PROBLEM DETAILS
Would you retype the entries from the first line to the line bearing "Mina Blue Print Halter Neck Maxi PINCH Dress", both included, leaving out every picture?

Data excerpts

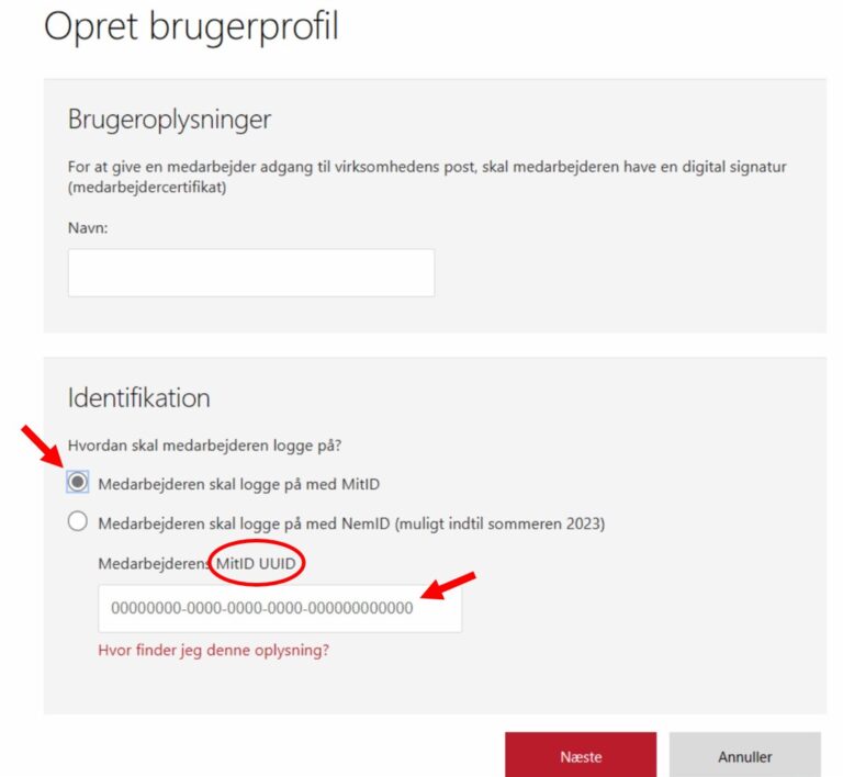 - Sæt din kopierede UUID-kode ind i feltet “Medarbejderens MitID UUID” (det er dén UUID-kode, som du kopierede fra dit MitID Erhverv)
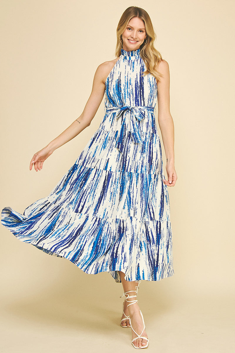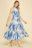 Mina Blue Print Halter Neck Maxi PINCH Dress
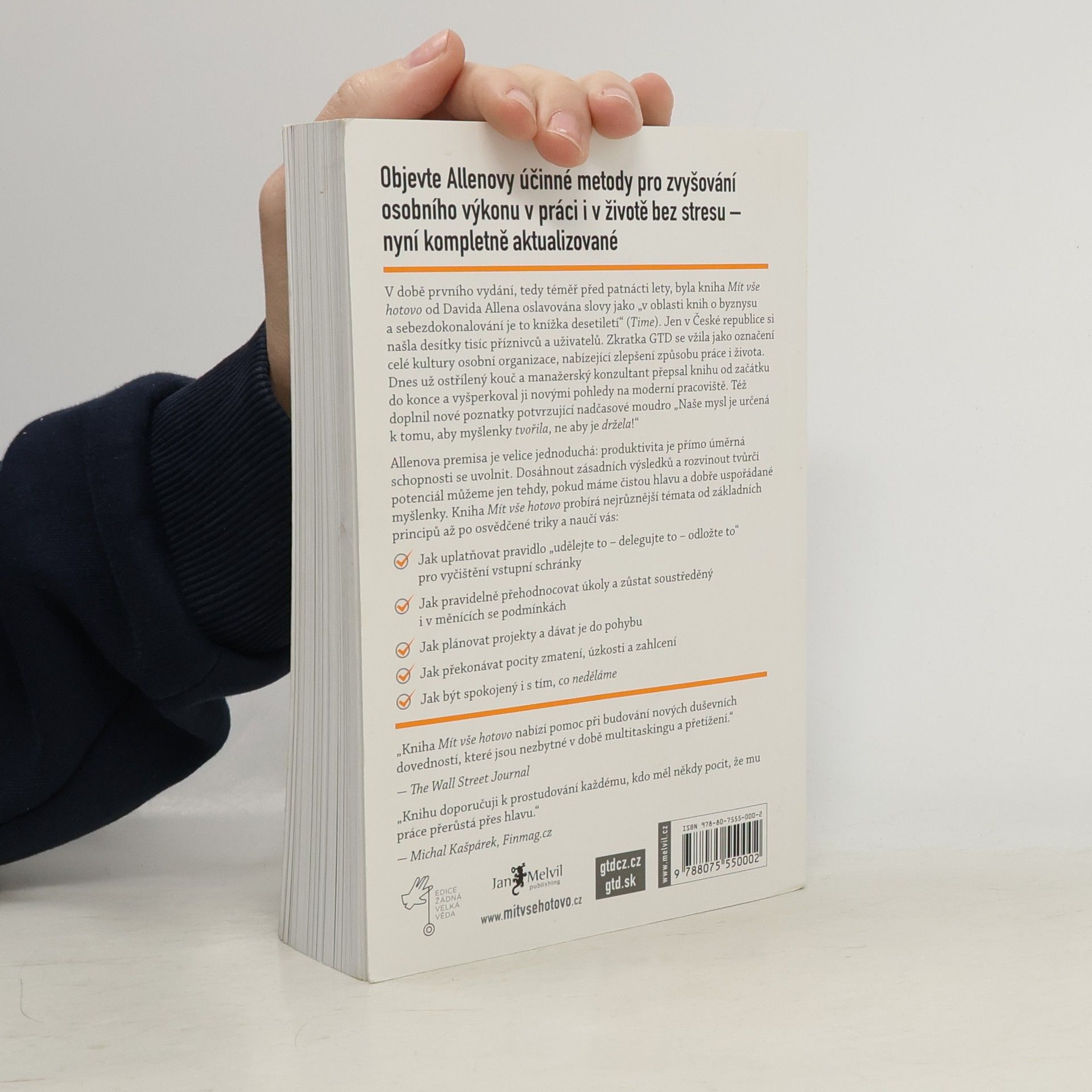 David Allen vás nenaučí organizovat pracovní úkoly, abyste pracovali více, ale naopak! Zavedením metodologie GTD do vašeho pracovního života zefektivníte práci, získáte volný čas, zbavíte se stresu a zklidníte mysl. Vedlejším účinkem je i zlepšení kvality spánku a vnitřní spokojenosti. Tato kniha se odlišuje od ostatních publikací o produktivitě. Poprvé vyšla před patnácti lety a od té doby se stala fenoménem s třemi miliony prodaných výtisků ve více než 30 jazycích. Statisíce lidí díky metodě GTD plánují svůj čas a věnují se práci, rodině i koníčkům. Účastníci kurzů a workshopů prohloubili znalosti natolik, že je mohli zavést do firem, což vedlo k lepší organizaci a spokojenosti zaměstnanců. Podle časopisu TIME je tato kniha nejlepší knihou desetiletí v oblasti osobního rozvoje. David Allen přepsal původní rukopis, zrevidoval obsah a jazyk, přičemž zachoval základní principy a techniky. Považován za jednoho z nejvlivnějších myslitelů v osobní produktivitě, Allen pracuje pro významné organizace a vede workshopy po celém světě. S více než pětatřicetiletou praxí manažerského konzultanta a kouče je jeho práce často zmiňována v prestižních periodikách. Allen žije v Amsterdamu.
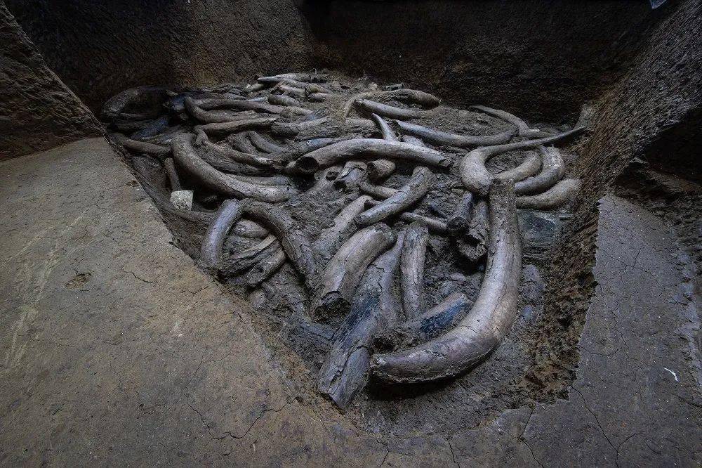 八号坑已经清理完填土堆积、灰烬堆积,暴露出象牙和象牙之下的埋藏文物,象牙数量预计将近200根,能确认的文物包括铜人头像、铜面具、铜尊、铜方罍、铜神坛、铜神兽、铜顶尊人像、玉璋、玉戈、玉有领璧、石磬等,目前正在开展象牙提取工作,预计将于10月份提取完全部象牙并开始提取埋藏文物。目前提取的近似完整器包括铜器54件、金器349件、玉器199件、石器34件,提取象牙66根(含残断象牙),典型文物包括小型铜凸目鸟身人像、金面具、玉璋、石磬等。
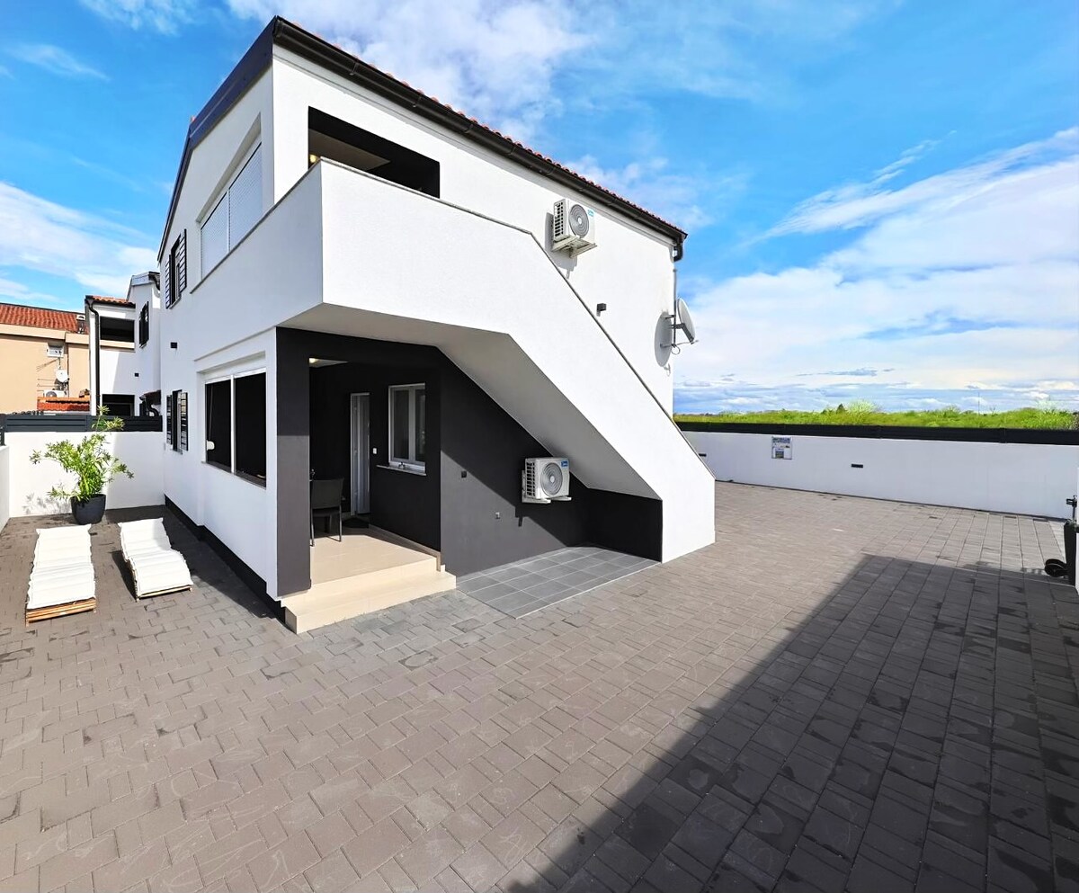 Den har en vacker utsikt över havet där Kraljičina och Ždrijac beach möts, hela staden och Velebit montain. Lägenheten är lyxigt och modernt inredd och består av två separata sovrum, kök, matsal, vardagsrum, badrum och en stor terrass. Egen takterrass med jacuzzi och grill. solstolar och parasoll. Den har wifi ,fri parkering ,luftkonditionering. Har golvvärme i hela lägenheten och en hemmabio. Fri parkeringsbiljett
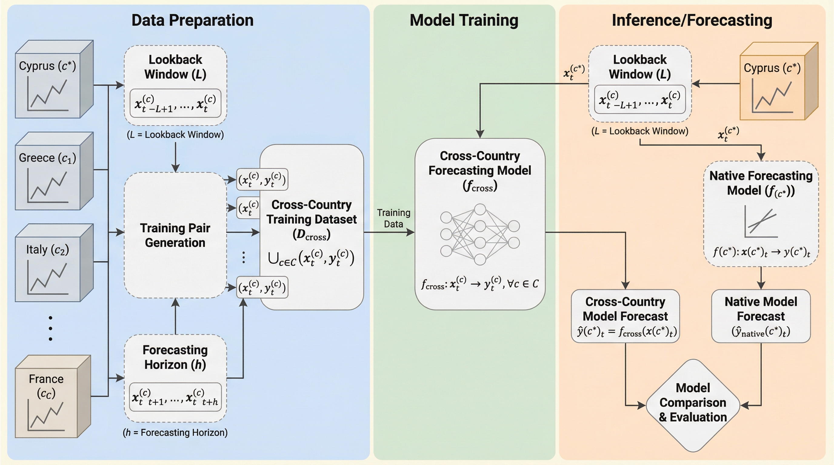 本研究の核心的な提案は、複数の国の時系列データを統合して単一の予測モデルを訓練し、特定の対象国の予測を行う「国境を越えた学習(クロス・カントリー学習)」フレームワークである。この手法は、国ごとに異なる疫学的な波の形状や変化の兆候を、共通の動態としてモデルに学習させることを目的としている。具体的には、欧州46カ国のCOVID-19監視データを活用し、キプロスを対象国としたケーススタディを通じて、他国のデータを「データ拡張」として利用する効果を体系的に検証した。このアプローチの利点は、特別なマルチタスク学習や複雑なグラフ構造のモデルを必要とせず、既存の機械学習アルゴリズムに対して他国のデータをプールして供給するだけで実現できる実用性の高さにある。…

RESPONSE AREA
 - Sæt din kopierede UUID-kode ind i feltet “Medarbejderens MitID UUID” (det er dén UUID-kode, som du kopierede fra dit MitID Erhverv)
 Mina Blue Print Halter Neck Maxi PINCH Dress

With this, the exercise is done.